Fourth, we assessed the methodological quality of studies in accordance with previously described standards for the preclinical development of neuroprotective drugs, with minor modifications [18]. Overall, we found that the quality of the included studies was poor. Many of the studies failed to report blinded outcome assessments, which is recommended for open-label trials to reduce bias. Patient, clinician, and/or assessor awareness of the treatment assignment may influence outcome reporting or measurements and introduce bias [50]. Moreover, although it is important to judge the efficacy of a new drug or therapy, no study reported sample size calculations [51], which should be calculated during the planning phase of the study to evaluate the accuracy of a priori estimates and assist in the design of future experiments [52]. Furthermore, lower quality studies showed a trend towards better retention memory outcomes. Therefore, the global estimated effect of TSG on cognition may be overstated in low quality studies. In addition, studies that included female animals failed to describe their hormonal cycle, which may influence behaviour, body physiology, and cognitive and learning-related performance, and should be accounted for in the experimental design (e.g., by increasing power and/or balancing the randomization of animals across groups) [24, 53].

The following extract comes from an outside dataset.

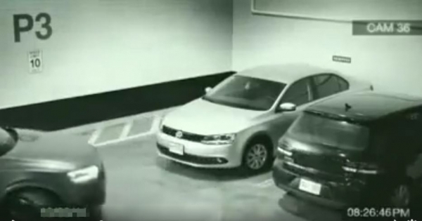 這監視器畫面裡,一位大哥開著黑色車子進到停車場,但看得到的停車格都滿了,但...這位大哥竟倒車了!?

Fifth, an increasing number of reports on adverse effects and hepatotoxicity of PMT products have been reported in patients [54]. TSG, the main water-soluble active component of PMT, was considered the major cause of hepatotoxicity [55, 56]. Nonetheless, no study reported any data on the safety and toxicity of TSG perhaps due to the perception that herbal agents are safe because they are natural products and have a long history of use. Along with the medical use and researches of herbal medicines increased, toxicity and safety of those medicinal materials had become the crucial concerns [57]. It is essential to design additional well-designed and detailed experimental studies to evaluate the safety of TSG before human clinical studies and application.

Conclusions

Despite its limitations, this systematic review and meta-analysis demonstrates that TSG may reduce cognitive deficits in animal models of AD and indicate a potential therapeutic role of TSG in AD therapy. However, additional scientific experimental studies are needed to evaluate the safety of TSG before human clinical studies and application.